Al netto delle cifre irrisorie quanto irrealistiche denunciate, il vero numero dei caduti ucraini è il segreto più gelosamente custodito di questo conflitto, perché se i numeri reali fossero resi di pubblico dominio susciterebbero domande, sia sulla gestione del conflitto da parte della leadership ucraina sia sulla follia di proseguirlo a oltranza. Si tratta, infatti, di numeri da capogiro: tra gli analisti non consegnati alla propaganda c’è chi ne conta fino a un milione se non più. Un’ecatombe.
Inoltre, Kiev si è impegnata a pagare un risarcimento di “15 milioni di grivne” per ogni caduto. Per i 6000 caduti restituiti dovrebbe quindi erogare alle famiglie 90 miliardi di grivne, quasi 2 miliardi di euro, che andrebbero a gravare su un bilancio già più che deficitario.
E però Kiev sta tentando una scappatoia: “Zelensky – scrive ancora Strana – ha già dichiarato che la maggior parte dei corpi non è stata identificata e quindi non si sa se si tratti di soldati ucraini o russi [i russi, rileva ancora Strana, hanno iniziato a dare un nome alle vittime, ma tocca a Kiev confermare ndr.]”.
Ma non si sa se l’escamotage di Zelensky reggerà e, “potenzialmente, lo scandalo dei cadaveri potrebbe aumentare la già evidente sfiducia nella società nei confronti dei dati ufficiali sulle perdite e portare anche a un aumento del malcontento nei confronti delle autorità da parte dei parenti dei soldati dispersi”.

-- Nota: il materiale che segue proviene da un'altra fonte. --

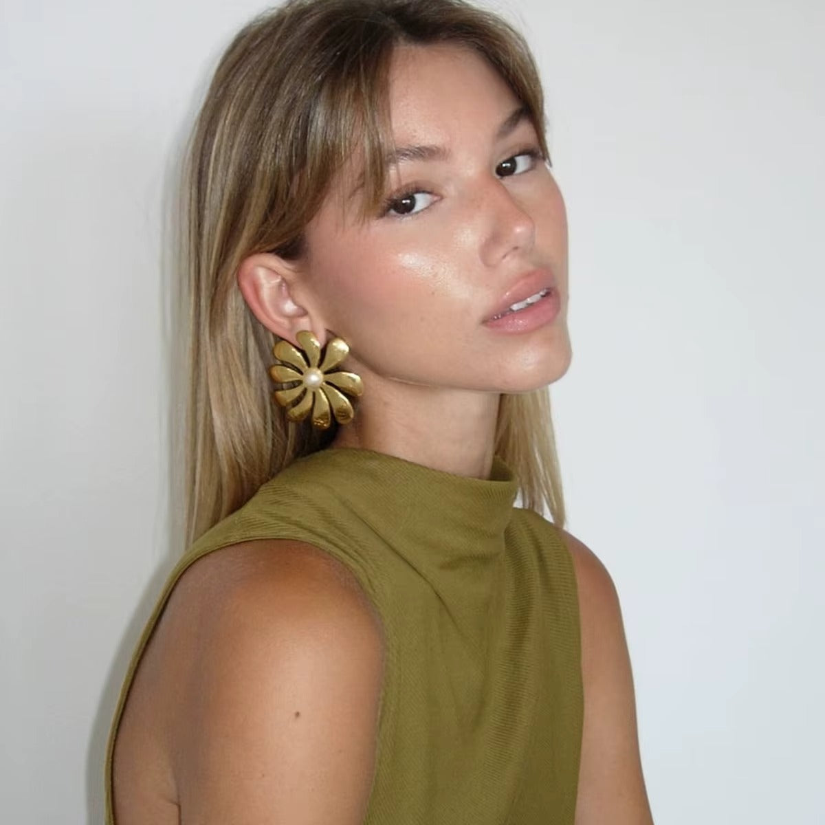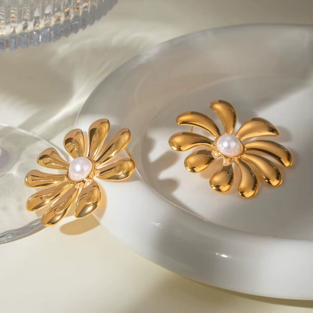 The Fioren Bloom earrings are an ode to fearless femininity — where art meets attitude. Crafted in high-shine PVD gold, their petal-shaped form radiates confidence and charm with every turn. The central pearl detail adds a soft, romantic glow, making them the ideal conversation starters for brunches, gallery walks, or nights that deserve a little drama.

Comunque, sembra che la tergiversazione si possa superare, soprattutto a motivo dell’incalzare degli americani, con il Segretario di Stato Macro Rubio che ha ribadito che gli Usa vogliono che il terzo round di negoziati si tenga. Nel frattempo, infatti, come accennato, si registra il primo scambio di prigionieri, anche se nel comunicato in cui Zelensky lo ha annunciato con la dovuta enfasi resta sottesa la querelle sui caduti.

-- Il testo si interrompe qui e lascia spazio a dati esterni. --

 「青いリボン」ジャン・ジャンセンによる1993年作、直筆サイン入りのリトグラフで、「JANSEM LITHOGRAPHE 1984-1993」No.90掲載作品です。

Nell’attesa di un qualche passo diplomatico, che urgerebbe per porre fine alla mattanza, i russi hanno aperto un nuovo fronte, attaccando la regione di Dnepropetrovsk. Un attacco strategico e simbolico insieme, come accenna il Times. Simbolico perché si tratta di una regione non toccata direttamente dalla guerra né contemplata finora nelle richieste dei russi. Serve cioè a far capire a Kiev che l’avvertimento di Mosca, di cedere quattro regioni ora per non essere costretta a cederne di più in seguito, è serio.
Strategico perché se l’attacco riesce, potrebbe risultare “una catastrofe per la logistica delle Forze Armate ucraine sull’intero fronte meridionale e su metà del fronte orientale” (Strana). Nel frattempo i russi stanno ammassando truppe e armamenti pesanti anche a Nord, nei pressi della città di Sumy.
Al di là dell’aspetto simbolico, che resta, l’attacco a Dnepropetrovsk potrebbe essere l’avvio di una manovra a tenaglia oppure potrebbe risultare solo un diversivo per costringere Kiev a inviare risorse per difendere quella regione tanto cruciale per poter attaccare con più facilità a Nord. Sviluppi da seguire.
Infine, da notare che la Russia ha reagito in maniera contenuta all’attacco contro i suoi bombardieri strategici. Pur effettuando attacchi massivi, e probabilmente mirati in particolare ai centri di comando che ospitano gli ufficiali occidentali che nel segreto coordinano l’esercito ucraino, hanno usato solo armi convenzionali, evitando sia l’uso di atomiche tattiche, come peraltro era ovvio, sia il micidiale Oreshnik, che al suo palesarsi sul campo di battaglia ha suscitato timori per le sue potenzialità.
Si può immaginare cosa sarebbe accaduto se un attacco simile fosse stato sferrato contro i bombardieri strategici americani… il Paese attaccante sarebbe stato incenerito (Iraq docet). Da notare una notizia del Pais che dà la misura della follia dilagante nella leadership ucraina: hanno iniziato a installare punti di assemblaggio per droni da combattimento nelle case private.